Publicar un libro de apenas 120 páginas puede costar, como mínimo, $18,000 pesos dominicanos —sin incluir aún la impresión. La diagramación ronda los $12,000; la portada, unos $6,000. Esto, para un escritor independiente, equivale muchas veces al salario mensual o incluso superior. Si desea imprimir 100 ejemplares, debe sumar unos $25,000 o más, dependiendo del tipo de encuadernación, papel, y calidad, aquí ni siquiera hemos mencionado el gasto de promoción, el transporte, la presentación, la creación de una red de lectores, ni mucho menos las comisiones que exigen algunas librerías, que piden entre un 20% y un 30% del precio de portada por el mero hecho de poner el libro en una estantería. Es decir, el escritor paga por nacer, y luego paga por vivir.

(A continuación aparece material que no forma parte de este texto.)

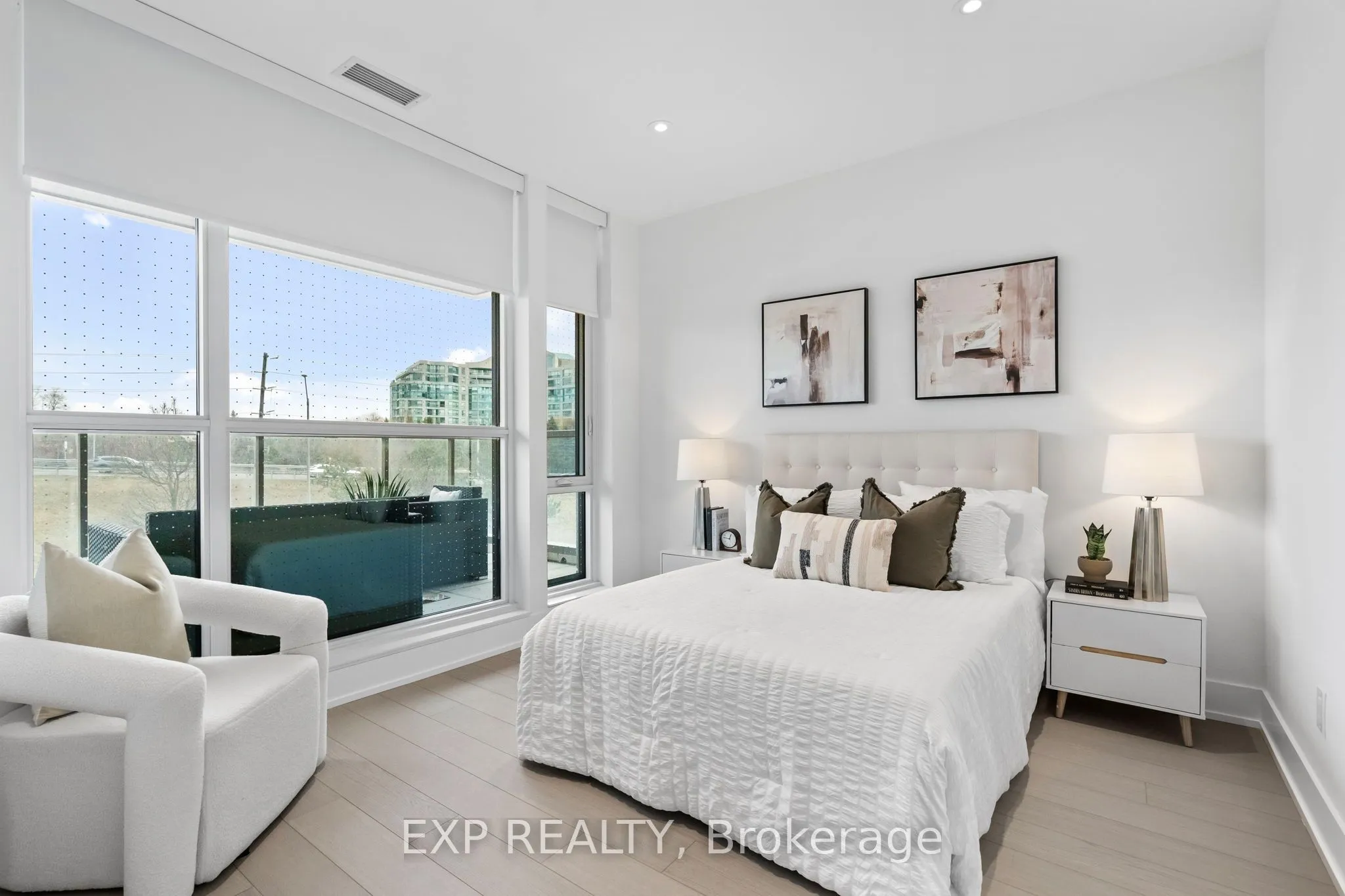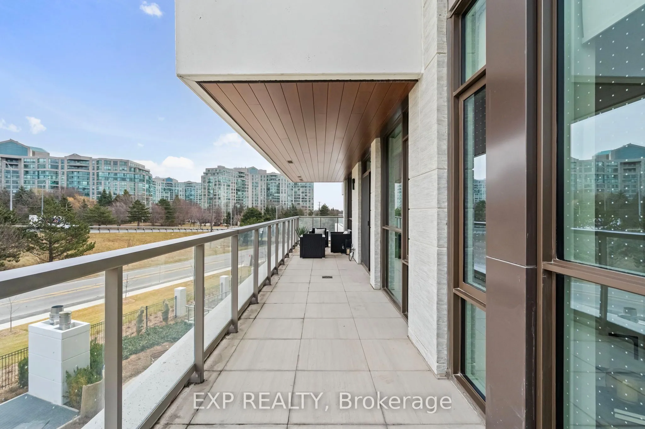 Welcome to Royal Bayview, Tridel’s signature luxury residence in the heart of Thornhill. This stunning 2-bedroom, 2-bathroom suite offers 1,073 sq ft of refined living with soaring 10 ft ceilings and thoughtfully upgraded finishes throughout. Adjacent to the prestigious Ladies’ Golf Club of Toronto, this home combines luxury, nature, and convenience in one of the GTA’s most sought-after neighbourhoods. The suite features a split-bedroom layout and full-height, floor-to-ceiling windows that flood the space with natural light. The gourmet kitchen is beautifully upgraded with premium cabinetry, an extended pantry cabinet and integrated Miele stainless steel appliances, including a Wi-Fi-enabled built-in speed oven, built-in fridge, stove, range hood and dishwasher. Both bathrooms are upgraded, with the second bathroom offering a modern black vanity and a sliding glass door for the bathtub. All closets are equipped with floor-to-ceiling custom built-in organizers, maximizing storage and functionality. Upgraded pot lights add warmth and elegance, while electric auto blinds provide comfort and privacy with the touch of a button. An added master switch allows you to conveniently power off all the lights in the unit from a single control point-an energy-efficient and smart home upgrade. Large outdoor terrace complete with a gas line ready for a BBQ. Royal Bayview offers world-class amenities, including a 24-hour concierge, indoor pool, whirlpool, sauna, fitness centre, golf simulator, party room with outdoor terrace, and beautifully designed common spaces. Located just minutes from Bayview, Highway 7 & 407, Richmond Hill Centre and Langstaff GO Station, with nearby parks, trails, shopping, and dining. Includes 1 parking space and 1 locker. Experience luxury living with nature at your doorstep at Royal Bayview. Property Tax to be assessed.

A menudo, ante esta montaña de obstáculos, el escritor termina haciendo lo impensable; regalando sus libros. Lo hace no porque desprecie su trabajo, sino porque ansía ser leído. Espera que alguien —quien sea— escuche su voz. Lo regala como quien lanza un mensaje en una botella al mar del desinterés, con la esperanza de que algún lector lo encuentre, lo lea y lo salve del olvido.
Sí, es cierto que plataformas como Amazon KDP han democratizado la posibilidad de publicar, eliminando intermediarios y costos iniciales, pero en nuestro país, donde la brecha digital aún hiere profundo, estas opciones no están al alcance de todos. Son pocos los lectores dominicanos que adquieren libros digitales; aún menos los escritores con acceso y dominio de estas herramientas. Es una solución que resuelve para algunos, pero deja a muchos en la orilla.

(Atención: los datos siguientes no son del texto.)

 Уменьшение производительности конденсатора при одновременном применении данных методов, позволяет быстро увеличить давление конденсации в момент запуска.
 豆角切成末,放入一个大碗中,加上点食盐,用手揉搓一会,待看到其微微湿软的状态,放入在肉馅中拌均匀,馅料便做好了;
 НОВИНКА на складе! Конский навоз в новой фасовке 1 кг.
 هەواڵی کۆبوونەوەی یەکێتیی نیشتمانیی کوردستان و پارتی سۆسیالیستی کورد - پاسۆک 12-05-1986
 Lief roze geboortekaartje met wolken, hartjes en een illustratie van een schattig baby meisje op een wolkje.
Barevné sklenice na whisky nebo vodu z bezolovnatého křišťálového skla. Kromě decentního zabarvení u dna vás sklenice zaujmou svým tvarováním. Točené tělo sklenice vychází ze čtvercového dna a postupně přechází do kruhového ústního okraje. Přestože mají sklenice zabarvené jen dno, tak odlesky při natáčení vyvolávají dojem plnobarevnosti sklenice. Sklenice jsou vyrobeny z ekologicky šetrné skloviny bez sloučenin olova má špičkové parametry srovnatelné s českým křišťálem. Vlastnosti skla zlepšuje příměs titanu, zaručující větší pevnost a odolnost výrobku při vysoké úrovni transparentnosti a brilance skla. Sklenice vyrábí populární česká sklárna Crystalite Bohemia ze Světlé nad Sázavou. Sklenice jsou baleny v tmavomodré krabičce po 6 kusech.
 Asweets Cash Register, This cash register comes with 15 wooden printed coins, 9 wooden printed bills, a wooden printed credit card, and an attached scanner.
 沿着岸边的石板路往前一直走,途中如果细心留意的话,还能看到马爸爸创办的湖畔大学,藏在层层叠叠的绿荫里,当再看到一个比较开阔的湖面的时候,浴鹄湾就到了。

En medio de este panorama, cabe preguntarse: ¿cuál es el verdadero rol de la Editora Nacional? ¿No debería ser esta una institución madre, protectora de las voces emergentes, un lugar donde el talento encuentre cauce? Hoy, su presencia es, a menudo, simbólica, su accionar difuso. No basta con editar a figuras ya consagradas, ni con publicar por compromiso institucional. Se necesita una política clara, abierta, rigurosa, que apoye a los nuevos talentos, que escuche las voces marginadas por razones económicas o geográficas.
Si de verdad queremos una patria lectora, hay que empezar por apoyar a quienes escriben. El Ministerio de Cultura, el Ministerio de la Juventud, el INFOTEP y el ITLA deben mirar más allá de las oficinas y sentarse a escuchar a los escritores jóvenes, autodidactas, rurales, digitales. Hay que crear talleres y cursos de capacitación accesibles de diagramación profesional (InDesign, Affinity, Canva avanzado), cursos sobre portadas, edición básica, marketing editorial. Incluso más, urge un Departamento de Apoyo a Escritores Noveles, dotado de diagramadores y diseñadores contratados por el Estado para ofrecer servicios gratuitos —con base en un protocolo transparente y equitativo— a quienes tengan una obra lista pero no los medios.
No se trata de caridad, se trata de visión cultural. Se trata de entender que un país que no escucha a sus escritores se condena a repetir sus errores en silencio. Se trata de dar oportunidad al joven de Barahona, a la mujer de Samaná, al estudiante de Montecristi que escribió una novela en las noches y no sabe qué hacer con ella, se trata de hacer justicia poética.
La República Dominicana necesita un nuevo pacto con su literatura. Uno donde publicar no sea un privilegio, sino una posibilidad. Uno donde escribir no sea sinónimo de sacrificio, sino de esperanza, porque mientras sigamos celebrando la lectura sin proteger la escritura, estaremos promoviendo una cultura coja, superficial, y condenada a importar palabras en lugar de parir las propias.
A fin de cuentas, escribir es un acto de fe, pero publicar… publicar hoy en día en la República Dominicana, es un acto de resistencia.